> The problem
Your answer should hold exactly the lines beginning with the one that contains "在侵入式与半侵入式领域,国内" and ending with the last line of the material, both included. Leave every picture out.

> Supplied material
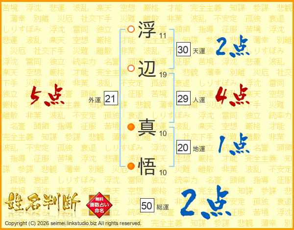 浮(11画)辺(19画) 真(10画)悟(10画)
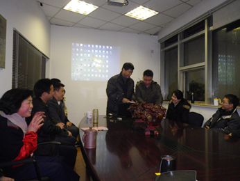 刘老师演讲语言声情并茂,人物刻画栩栩如生,仿佛一下子把大家带到那个年代,呈现在我们面前的是国共两党惨烈斗争的场面。幽默的语句不时激起阵阵笑声。最后是大家的提问时间,刘老师一一耐心解答,会后大家纷纷希望下次继续请他讲解,以了解真实的党史。讲座后,公司例行向刘老师赠送礼物,刘老师带来了二本个人著作赠于公司图书馆。
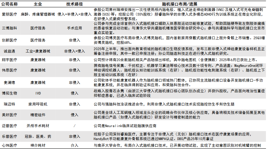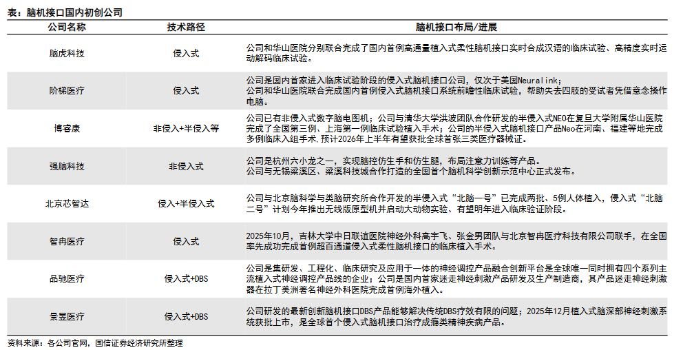 在侵入式与半侵入式领域,国内企业正密集开展临床试验。据国信证券梳理,阶梯医疗与华山医院合作,完成了国内首例侵入式脑机接口系统的前瞻性临床试验,受试者可通过意念控制鼠标;脑虎科技也完成了首例高通量柔性脑机接口实时合成汉语的临床试验。博睿康的半侵入式产品NEO预计将于2026年上半年获批全球首张三类医疗器械证。此外,心玮医疗与南开大学合作布局介入式技术,计划于2026年底完成首例人体植入。
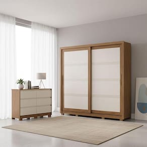 Guarda Roupa Casal Medelín e Cômoda Ravenna Ambiente Nature Off White - Henn
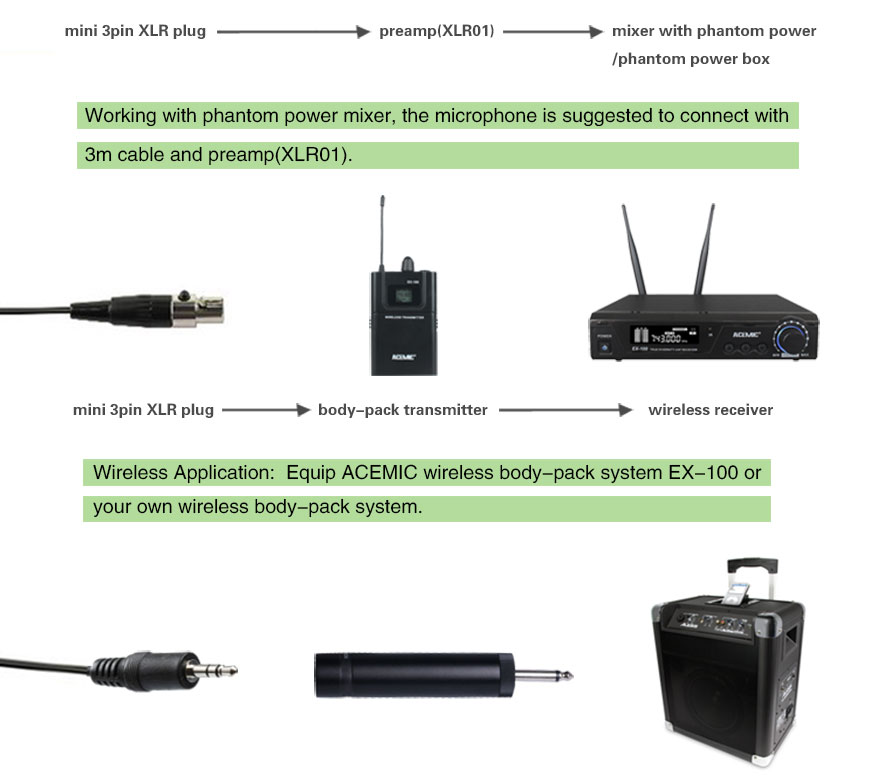 Connect the XLR switch connector and phantom power or

> Final answer
 在侵入式与半侵入式领域,国内企业正密集开展临床试验。据国信证券梳理,阶梯医疗与华山医院合作,完成了国内首例侵入式脑机接口系统的前瞻性临床试验,受试者可通过意念控制鼠标;脑虎科技也完成了首例高通量柔性脑机接口实时合成汉语的临床试验。博睿康的半侵入式产品NEO预计将于2026年上半年获批全球首张三类医疗器械证。此外,心玮医疗与南开大学合作布局介入式技术,计划于2026年底完成首例人体植入。
 Guarda Roupa Casal Medelín e Cômoda Ravenna Ambiente Nature Off White - Henn
 Connect the XLR switch connector and phantom power or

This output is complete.